Well, good morning to you too!

 

This morning, Gmail told me that I had 27 new messages. I got to see only a handful of them. I have no idea where the other 20+ or so messages went. I have seen this happen a lot in the past 5 to 10 years, and not just to gmail.

One of those e-mails that I did get was a weird one received at 1:19 am saying something like “Angel, my angel”.

And an hour ago, someone left this comment on a YouTube video, says my browser, but the comment does not actually seem to be there, under my video. Maybe YouTube has held it, as it does say “2 comments”. (I checked. No, nothing held for review. See bottom of post.)

As I haven’t been aggressively hassling any men out there on the streets, anyone “coming for me” would have to be off his rocker big time, so I am not worried about this. Granted, there has been some stuff on my screen in the past few months that seemed to suggest that a psychopath is about to destroy me. But if you worry about something like that becoming reality…

The last man I “hassled” hassled me first, along Lake Road back in January, so I hassled back in the way that I described in that video, and it worked. It’s great not to feel so powerless when hassled. Young men – and young women – in England hassle you because they feel that it’s normal to hassle older females as we are obviously some lower kind of species.

Yep, young people in England demonise older adults far too often. I’ve also had young people yell at me, also along Lake Road, “Hey, daisy, why don’t you put on a skirt?” or something like that. (Daisy is a derogatory term for “older adult”; it refers to “pushing up daisies”.) Yep, the only justification for the existence of any woman is if she serves as a “dick depository”, right?
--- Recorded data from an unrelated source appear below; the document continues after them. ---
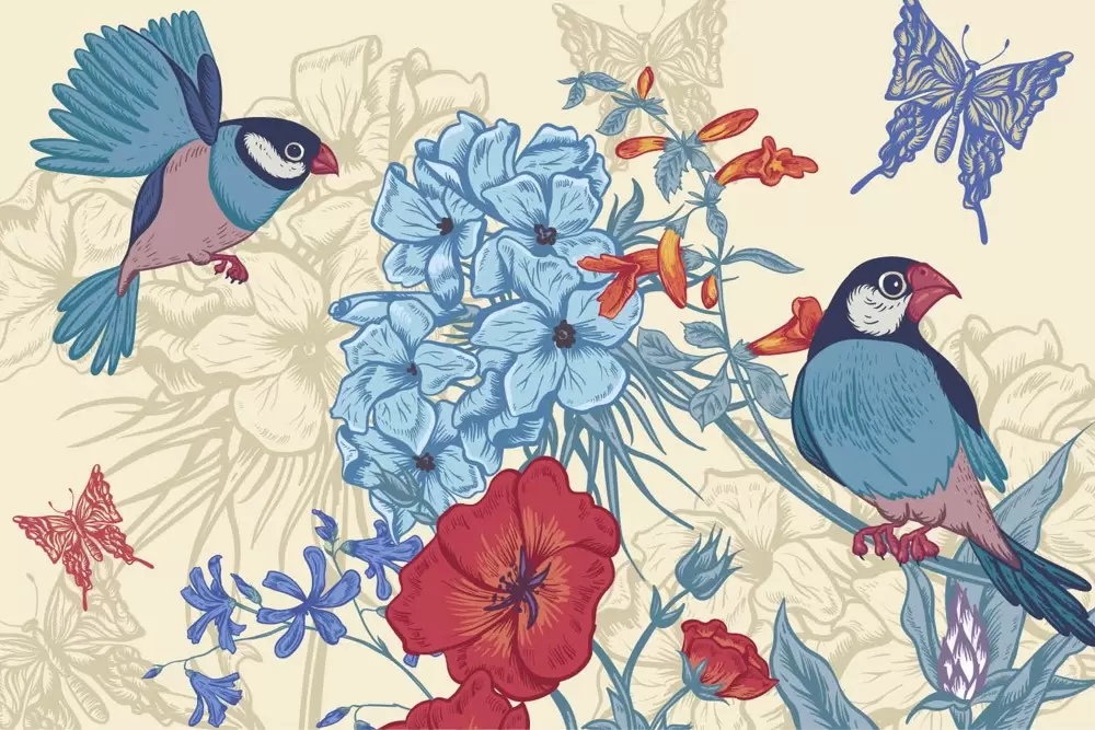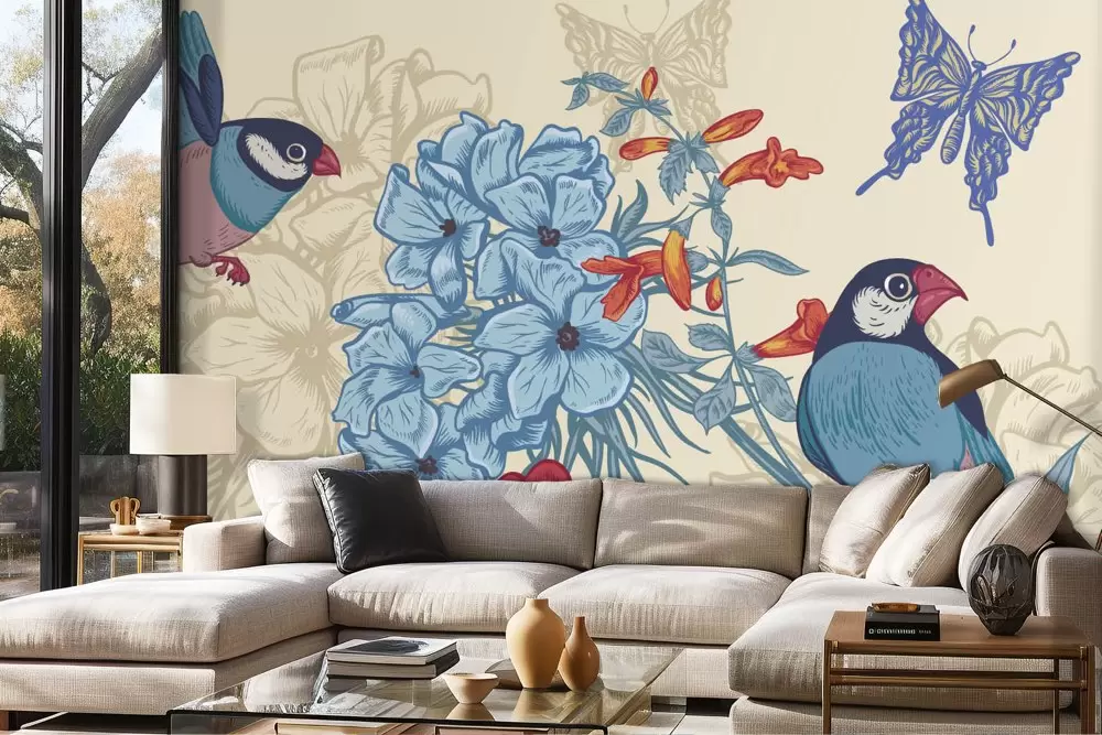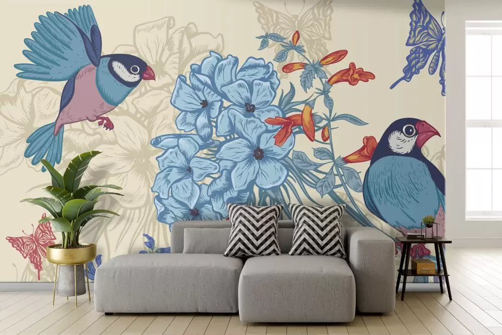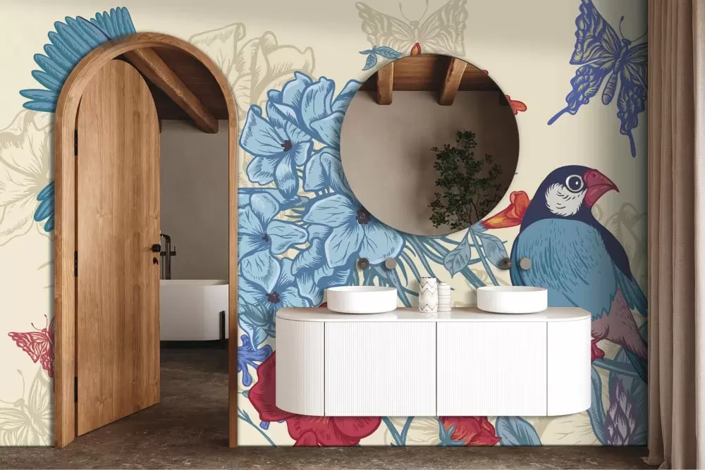 Carta da parati floreale con uccelli, scenografica e di carattere. Ideale per camere e zone relax. Personalizzabile su misura.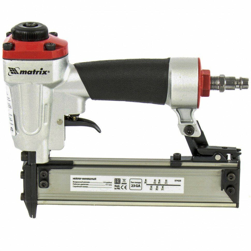 Нейлер финишный, шпилькозабивной пистолет, пневматический, гвоздь 23GA D 0.64 мм длина 10-30 мм Matrix (57425)
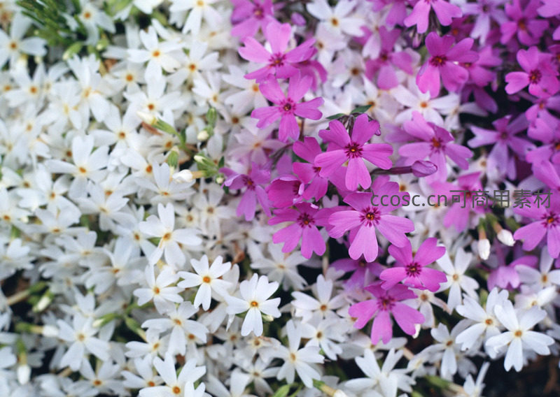 洁白与粉紫色花朵相邻而生,色彩柔和过渡,宛如精心绘制的梦幻画卷,宁静而富有诗意。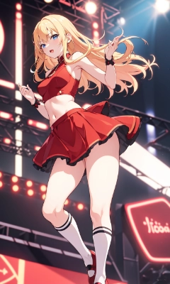 masterpiece, best quality, extremely detailed, anime, solo, 1girl, mini skirt, pink dress, hirahira, frill, stomach, ((black knee high)), garter belt, mike, stage, idle, blonde hair, long hair, blue eyes, neon, kirakira, embarrassed, cute, kawaii, bright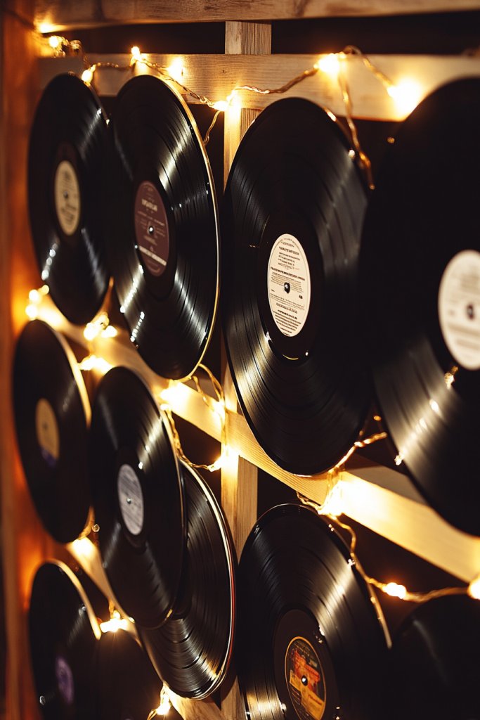 Picture records hung vertically or horizontally on a wooden or metal frame, softly illuminated by warm string lights. The gentle glow highlights the textured labels and glossy surfaces, creating a layered visual effect. The string lights weave through the records, casting flickering shadows that dance across the wall. It’s like having your own mini concert hall right in your living room, perfect for relaxing evenings.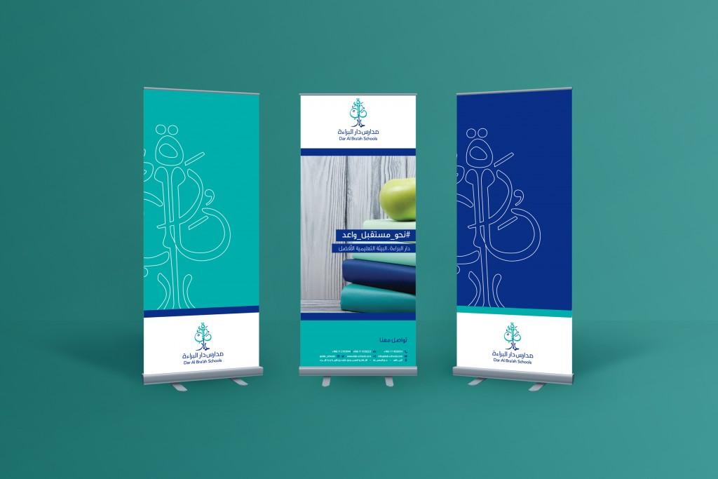 شعار خطي يبرز الهوية العربية من خلال تشكيل حروف كلمة دار البراءة لتكون شكل الشجرة، ولارتباط الشجرة بالنمو والثراء والمعرفة والعطاء.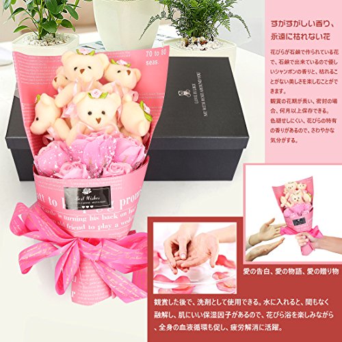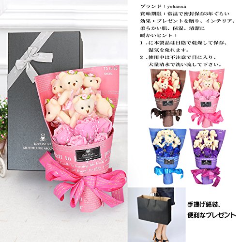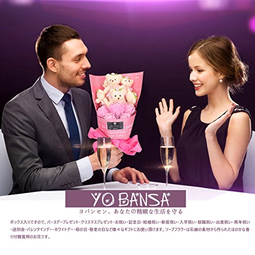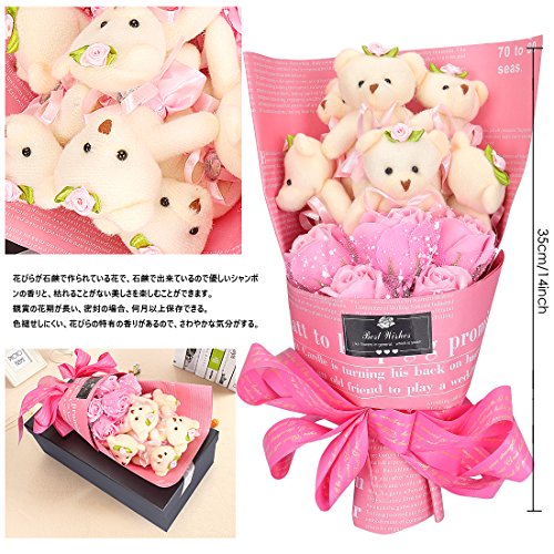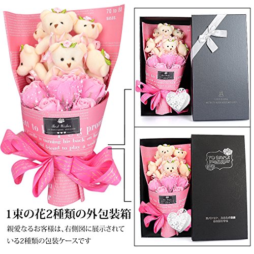 YOBANSA ソープフラワー 石鹸 花 バラ 造花 花束くま束 ベア ブーケ 可愛いぬいぐるみ (ベア6匹,花5匹) 父の日 誕生日 結婚祝い 結婚記念日のプレゼントにお勧め (シフォンパウダー)

And far too many young boys grow up considering this normal. The view that all women are trash, and that older women do not even deserve to be alive. They use “granny” as a pejorative. Says enough.

A kid along New Road used it for me. A little later, he grabbed his penis and told me to suck his dick. A kid. Angry at me for “not knowing my place”, apparently. For not being willing to put up with blind hate in spite of being an older female.
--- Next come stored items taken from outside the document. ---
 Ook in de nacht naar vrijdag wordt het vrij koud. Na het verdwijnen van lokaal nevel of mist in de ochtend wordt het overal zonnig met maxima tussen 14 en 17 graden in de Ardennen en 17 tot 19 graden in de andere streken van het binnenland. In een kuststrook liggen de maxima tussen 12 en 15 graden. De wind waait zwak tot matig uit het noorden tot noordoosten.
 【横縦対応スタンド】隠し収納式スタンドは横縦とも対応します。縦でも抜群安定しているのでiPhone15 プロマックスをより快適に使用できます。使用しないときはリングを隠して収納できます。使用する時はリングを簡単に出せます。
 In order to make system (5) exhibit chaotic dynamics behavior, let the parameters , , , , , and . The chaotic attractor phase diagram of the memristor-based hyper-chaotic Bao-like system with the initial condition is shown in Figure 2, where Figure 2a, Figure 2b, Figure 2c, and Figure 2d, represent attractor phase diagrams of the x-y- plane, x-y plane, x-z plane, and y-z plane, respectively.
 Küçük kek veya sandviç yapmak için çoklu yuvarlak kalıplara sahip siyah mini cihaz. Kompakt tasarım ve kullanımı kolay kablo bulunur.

I have had an older man – a stranger – yell at me when he came out of a house at the end of Lake Road (Fratton Road) that my problem was that I did not know how to socialise, grabbing his penis when he said “socialise”.
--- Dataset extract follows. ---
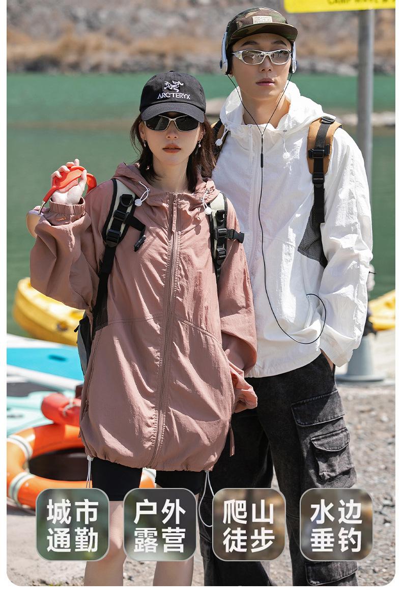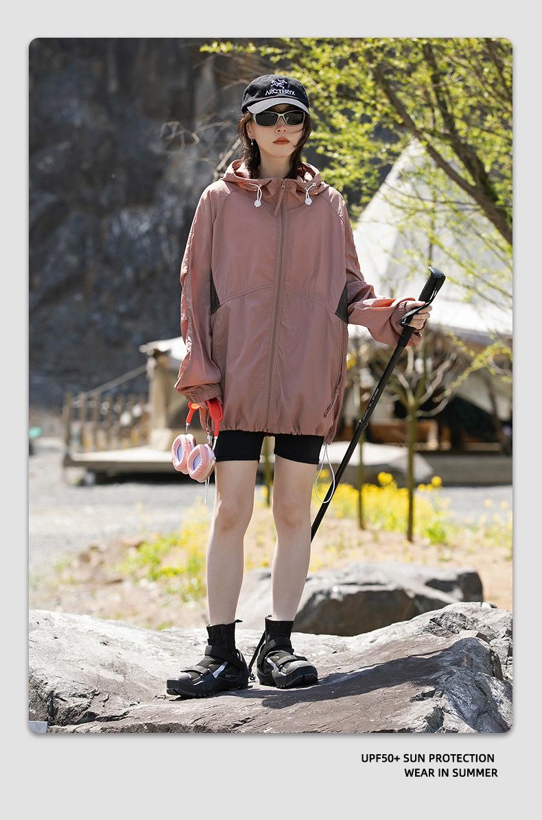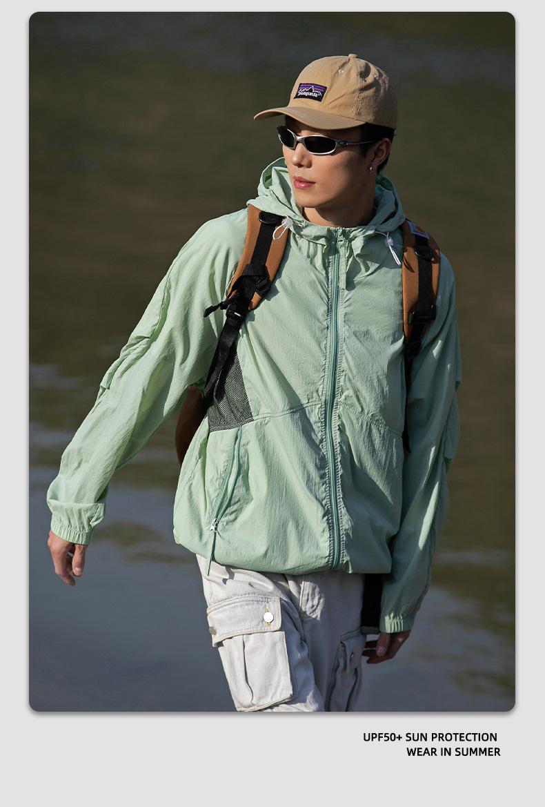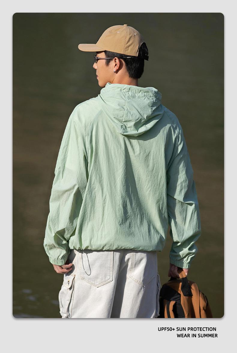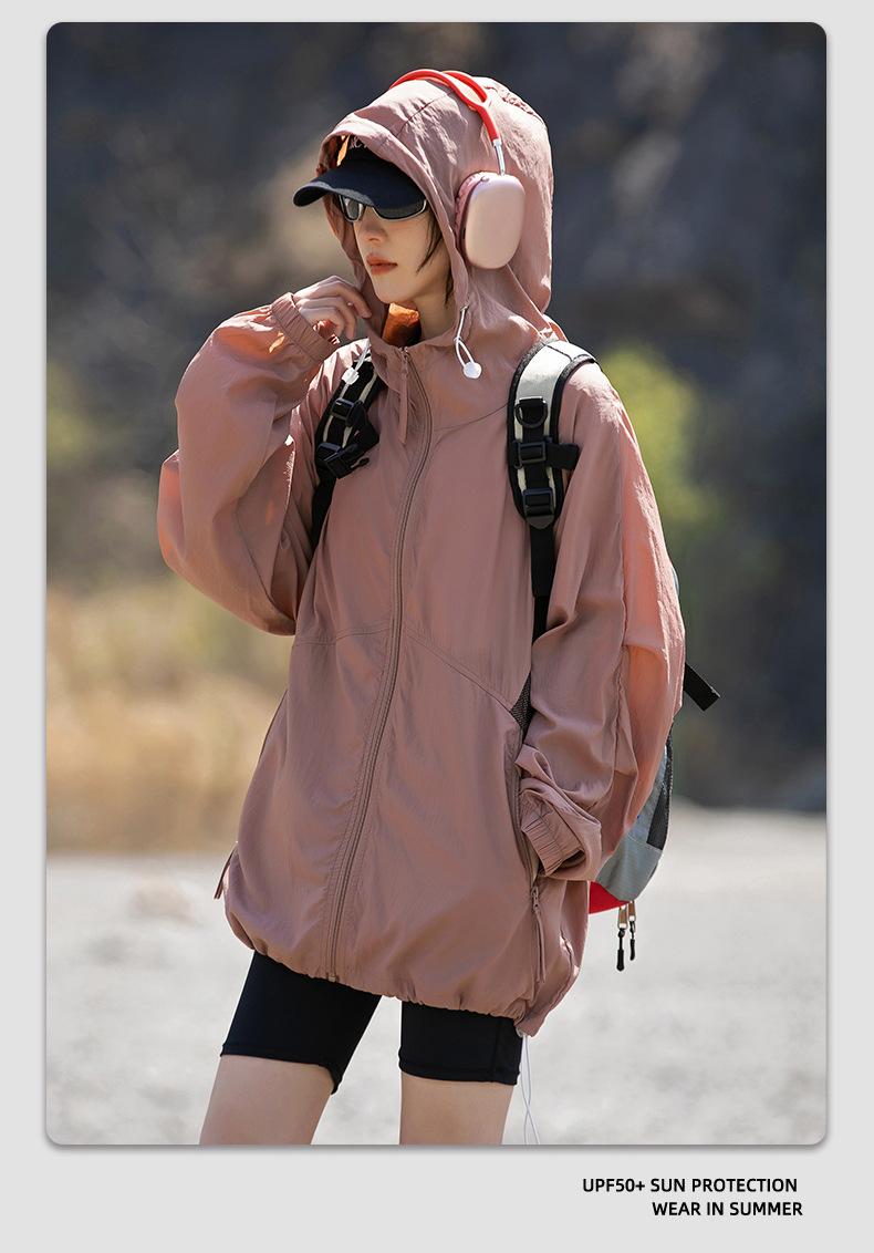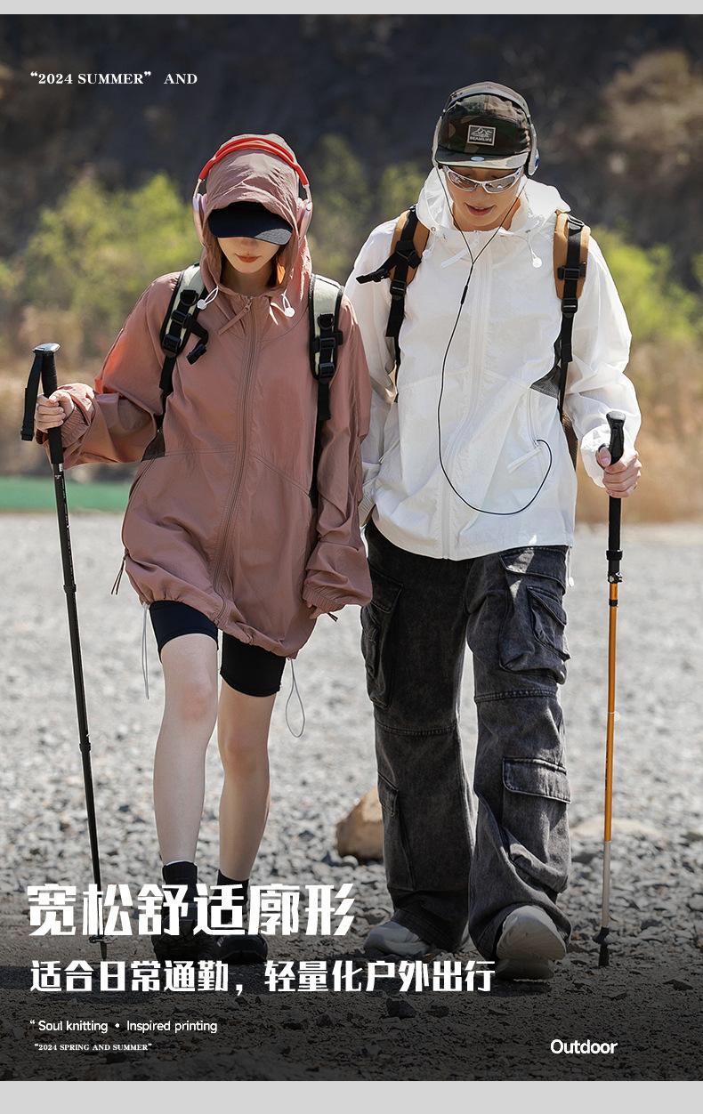 Ropa de protección solar UPF50 para hombres y mujeres, abrigo ligero de verano, holgado, con capucha, protección UV, protector solar, transpirable, de seda helada.

What year is it again? 1855? 1567?

Along New Road, a young man yelled at me “I want to fuck you… in the arse.” I was out for a run. The only reason, of course. why any woman would want to be in good health is so that she looks more attractive to men. Sure, toots.

I’ve had “loves dick” written on the wall where I lived with an arrow pointing to my name, shortly after I moved to Portsmouth. An invitation to rape? At least an invitation to harass.

I have had “Slag!” yelled at me so many times, usually out of passing cars, that I lost count. (I had to look it up as I only knew the word in the context of steel works.) Also, “Fuck me!” a few times.

At the local main train station, young people called out to a cop, claiming that I had yelled “fuck off” at them, when in fact I had retorted “I am not your love!”. It’s become more generally used now and is no longer disrespectful, but “love” used to be intended as “toots”, in practice. It is an affectionate or familiar term of address, like honey or baby, but can be offensive when used to strangers, casual acquaintances, subordinates, etc.